TASK TO COMPLETE »
Return exactly, with nothing added, the lines from the one that contains "- Durable cotton" through the end of the listing below, pictures excluded.
'''
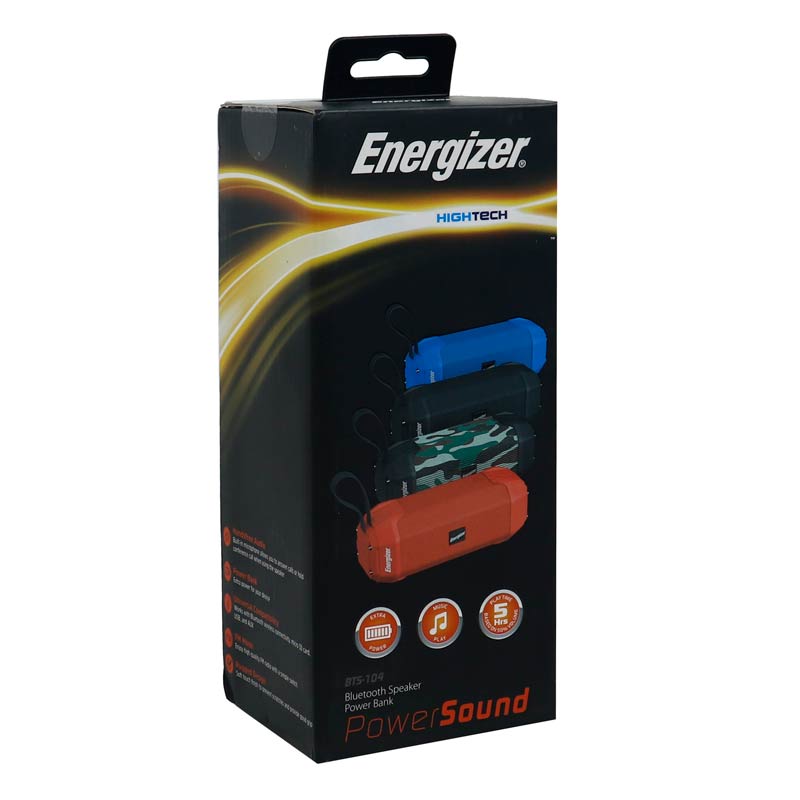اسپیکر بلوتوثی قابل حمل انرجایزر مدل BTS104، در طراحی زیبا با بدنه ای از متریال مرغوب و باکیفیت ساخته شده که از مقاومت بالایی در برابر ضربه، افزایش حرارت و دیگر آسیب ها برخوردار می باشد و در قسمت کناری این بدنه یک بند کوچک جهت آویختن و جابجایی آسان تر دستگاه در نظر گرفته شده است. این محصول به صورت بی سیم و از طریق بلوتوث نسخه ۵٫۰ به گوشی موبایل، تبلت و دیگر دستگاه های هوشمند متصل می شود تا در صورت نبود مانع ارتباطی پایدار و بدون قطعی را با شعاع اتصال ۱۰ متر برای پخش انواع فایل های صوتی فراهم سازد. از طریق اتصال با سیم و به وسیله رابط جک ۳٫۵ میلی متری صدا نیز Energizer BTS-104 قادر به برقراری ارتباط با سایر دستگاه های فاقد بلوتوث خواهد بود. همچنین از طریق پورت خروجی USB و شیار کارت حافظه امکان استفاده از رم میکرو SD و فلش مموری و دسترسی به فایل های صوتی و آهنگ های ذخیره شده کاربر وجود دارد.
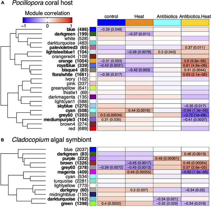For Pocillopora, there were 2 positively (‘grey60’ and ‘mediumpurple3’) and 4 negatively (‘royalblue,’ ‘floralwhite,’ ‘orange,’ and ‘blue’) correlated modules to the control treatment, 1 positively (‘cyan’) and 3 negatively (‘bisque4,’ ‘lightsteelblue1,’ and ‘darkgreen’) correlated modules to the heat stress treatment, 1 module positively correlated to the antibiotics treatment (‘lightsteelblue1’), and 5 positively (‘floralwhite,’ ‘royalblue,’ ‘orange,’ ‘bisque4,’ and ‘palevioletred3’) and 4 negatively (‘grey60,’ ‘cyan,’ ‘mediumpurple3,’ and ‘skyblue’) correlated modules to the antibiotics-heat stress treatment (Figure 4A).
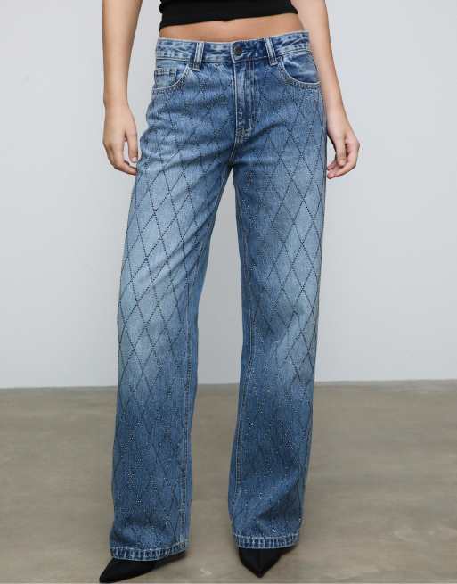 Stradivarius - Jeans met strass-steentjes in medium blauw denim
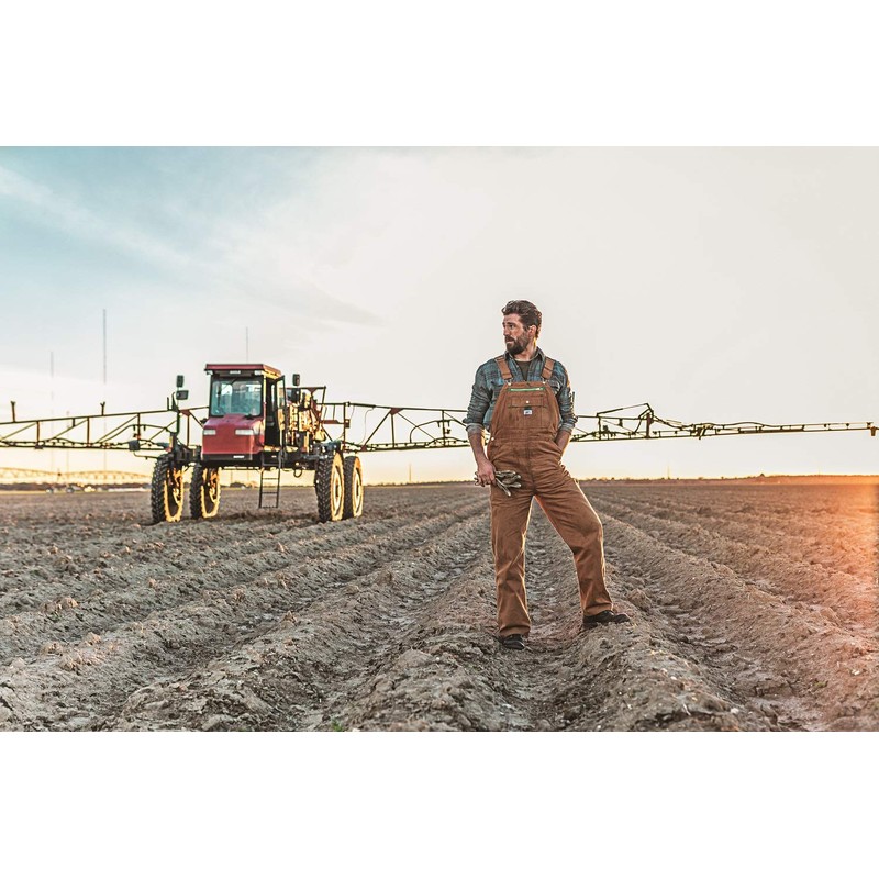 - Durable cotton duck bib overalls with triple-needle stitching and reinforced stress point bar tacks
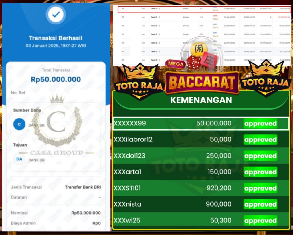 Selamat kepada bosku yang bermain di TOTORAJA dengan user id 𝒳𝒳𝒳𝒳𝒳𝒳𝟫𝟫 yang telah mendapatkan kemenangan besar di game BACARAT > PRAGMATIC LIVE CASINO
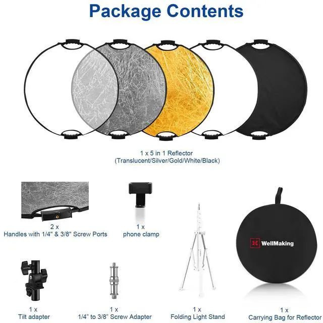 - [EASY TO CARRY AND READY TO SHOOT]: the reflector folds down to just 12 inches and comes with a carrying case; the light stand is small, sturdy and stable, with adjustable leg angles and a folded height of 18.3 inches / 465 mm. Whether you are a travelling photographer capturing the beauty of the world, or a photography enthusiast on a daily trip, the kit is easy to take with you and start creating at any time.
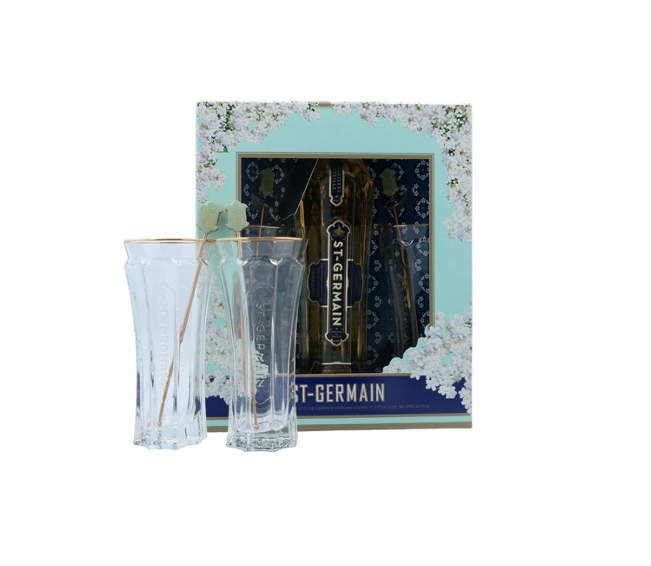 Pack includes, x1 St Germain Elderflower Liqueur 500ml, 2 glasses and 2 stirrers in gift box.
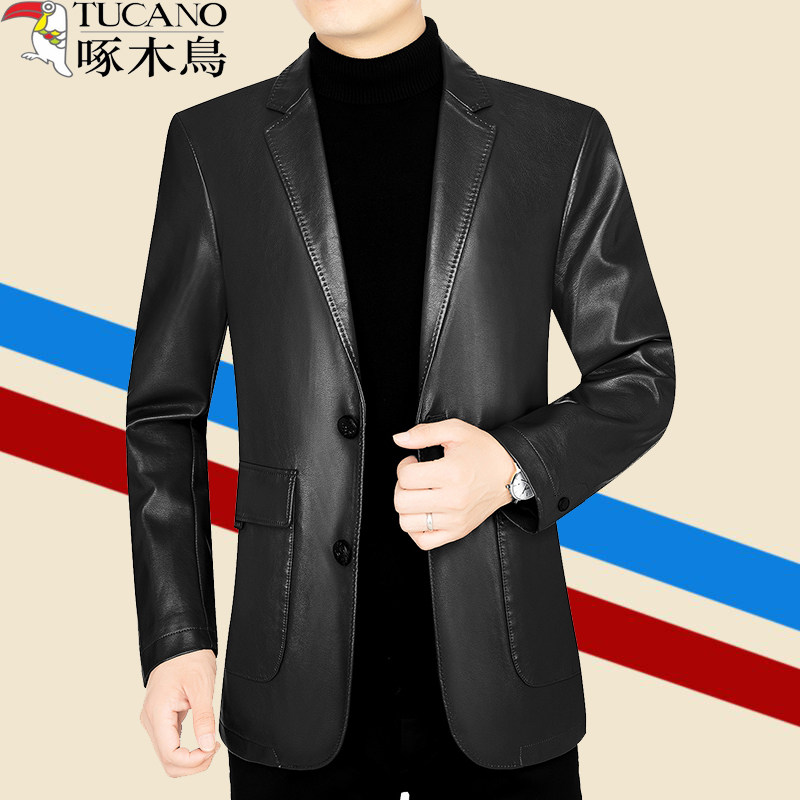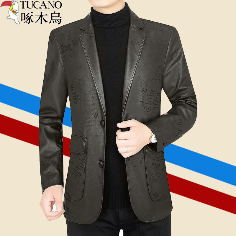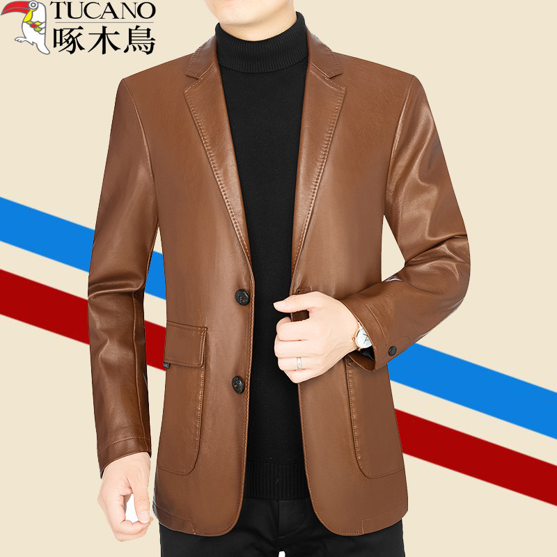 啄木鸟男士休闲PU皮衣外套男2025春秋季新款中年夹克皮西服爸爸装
'''
YOUR SOLUTION »
 - Durable cotton duck bib overalls with triple-needle stitching and reinforced stress point bar tacks
 Selamat kepada bosku yang bermain di TOTORAJA dengan user id 𝒳𝒳𝒳𝒳𝒳𝒳𝟫𝟫 yang telah mendapatkan kemenangan besar di game BACARAT > PRAGMATIC LIVE CASINO
 - [EASY TO CARRY AND READY TO SHOOT]: the reflector folds down to just 12 inches and comes with a carrying case; the light stand is small, sturdy and stable, with adjustable leg angles and a folded height of 18.3 inches / 465 mm. Whether you are a travelling photographer capturing the beauty of the world, or a photography enthusiast on a daily trip, the kit is easy to take with you and start creating at any time.
 Pack includes, x1 St Germain Elderflower Liqueur 500ml, 2 glasses and 2 stirrers in gift box.
 啄木鸟男士休闲PU皮衣外套男2025春秋季新款中年夹克皮西服爸爸装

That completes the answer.